Altered configuration #5 (trying the same with the original VLAN index 2 and an explicit option vid '500' to set the VID separately; also removing the enable_vlan4k option from the switch settings):

config device
        option name 'eth0.500'
        option macaddr 'xx:xx:xx:xx:xx:xx'

config interface 'wan'
        option device 'eth0.500'
        option proto 'dhcp'

config interface 'wan6'
        option device 'eth0.500'
        option proto 'dhcpv6'

config switch
        option name 'switch1'
        option reset '1'
        option enable_vlan '1'

config switch_vlan
        option device 'switch1'
        option vlan '2'
        option vid '500'
        option ports '0t 6t'

The above does not work – eth0.500 does not get an IP address from the tagged VLAN provided by the uplink switch.
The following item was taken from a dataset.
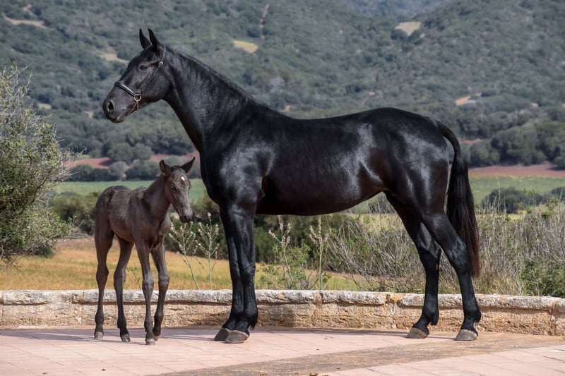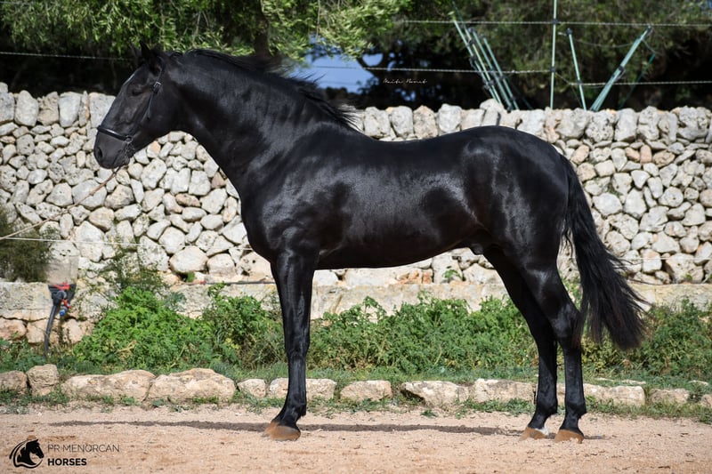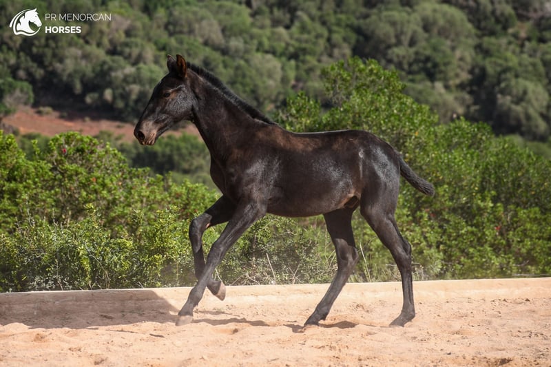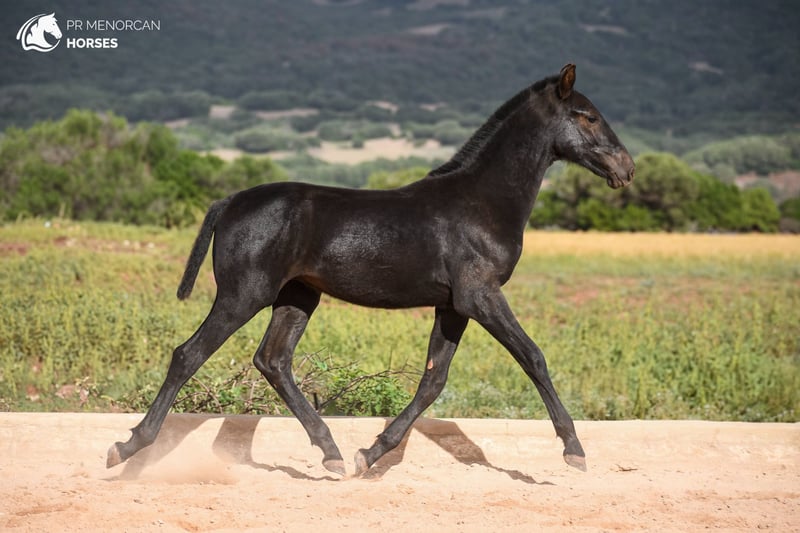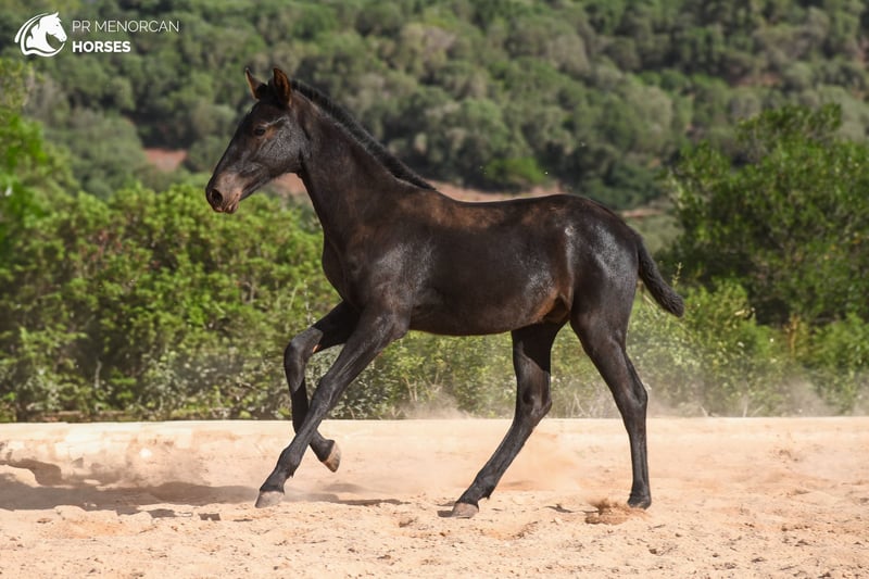 his Athletic Purebred Menorcan Colt Could Be Yours! ✨ Elegance, Champion Bloodlines, and Tremendous Potential ✨ Introducing a Purebred Menorcan colt born in March 2024, jet-black with a small white star on his forehead. Estimated to reach around 160 cm at full growth, this colt boasts outstanding champion lineage on both sides, plus one of the only three ELITE stallions in his pedigree. He could be a fantastic choice as a breeding stallion or for working equitation, driving, or simply as a loyal trail companion. In the two last pictures you can see the dam and sire. With a mother awarded for morphology, and the influence of an ELITE stallion, he brings excellent pedigree and versatility in a variety of disciplines. An independent young colt, comfortable with people and currently starting his basic training. He is halter-trained, picks up all four feet, stands tied, and is accustomed to showers. He lives in a paddock with another young colt, learning social skills and building strength, and is also well-adjusted to stall life. Regularly dewormed and well-prepared to advance his training. We can organize a pre-purchase exam, handle all documentation and can arrange transport worldwide. Contact us for more information and videos Located in Menorca. DM for details!

Also, swconfig dev switch1 show gives no indication of the 802.1Q VLAN ID 500 having been configured:

VLAN 1:
        info: VLAN 1: Ports: '12346t', members=005e, untag=001e, fid=0
        ports: 1 2 3 4 6t 
VLAN 2:
        info: VLAN 2: Ports: '0t6t', members=0041, untag=0000, fid=0
        ports: 0t 6t 

I tried lower VID numbers as well, such as option vid '10' (configuring the upstream switch port with a matching tagged VLAN) just to see if the 802.1Q ID range itself is somehow limited in the non-vlan4k mode – but no dice; the explicit option vid setting does not seem to have effect on this switch/router.

Maybe there’s something wrong with the above simple option vid line but whatever it is, I cannot figure it out.
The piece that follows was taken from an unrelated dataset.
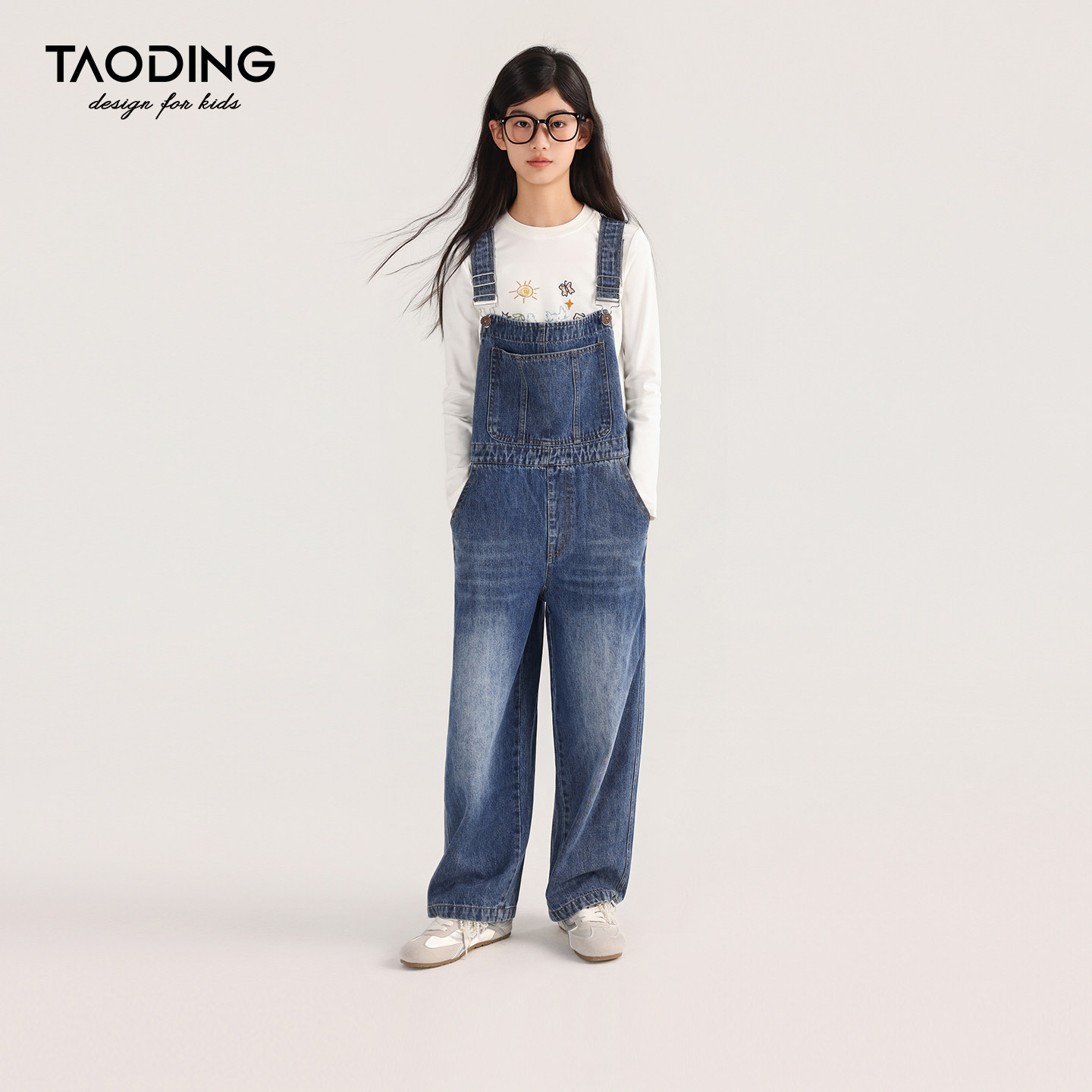 2024早春新款女装学院风休闲棉质牛仔裤背带裤长裤TTTJ246309N

It is fortunate that enable_vlan4k unlocks access to 802.1Q VLAN IDs above 31 via the implicit option vlan 'x' VID setting mechanism, though, since otherwise it seems I could not have used higher-numbered 802.1Q VLAN IDs on this device at all.
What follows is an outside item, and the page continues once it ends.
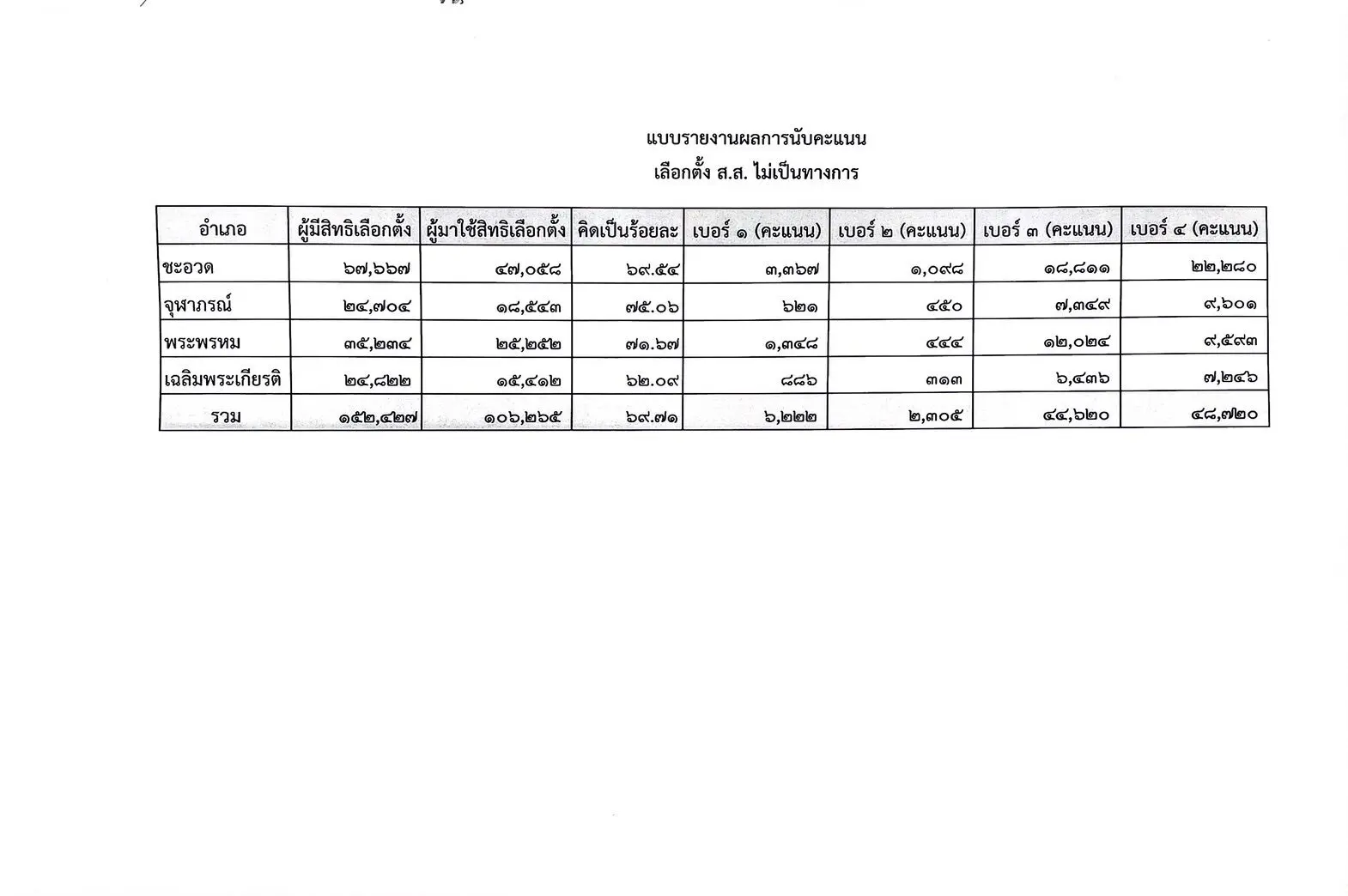 ทั้งนี้ผลการนับคะแนนอย่างไม่เป็นทางการล่าสุด มีดังนี้

So now you can probably see why I was curious about the swconfig architecture and the logic behind this whole thing.

Previously, I’ve only used OpenWrt on routers whose switch configuration is already DSA-based and where option vlan '1050' (in the bridge-vlan sections) configures a 802.1Q VLAN 1050 straight away with no extra configuration gymnastics needed on top of that. This TP-Link was a bit older gear, though, and got me wondering, especially as the default config does not include the required enable_vlan4k (so I only found out about it accidentally), and enable_vlan4k is not listed or documented among the available switch configuration options in the Wiki.

@znark, I saw this linked in another thread - hope this helps and clears confusion on what the value means:

@lleachii wrote:

Thanks, but as you can see from the non-working examples above, I am not (explicitly) setting or trying to set the PVID value, I am setting the VID / 802.1Q VLAN ID for the VLAN (which, as noted in the comment you quote, typically implicitly also sets the PVID for ingress tagging if the port is an “access port” (member of a VLAN in untagged mode), but the non-working example above with the VLAN ID 500 concerned tagged traffic on a trunk port (0t). The port (0t) in that example is not set up for untagged traffic at all, so PVID should be of no concern.)

I have been working with VLANs and managed switches for quite some time. Maybe there’s some confusion, but it is not necessarily totally at my end.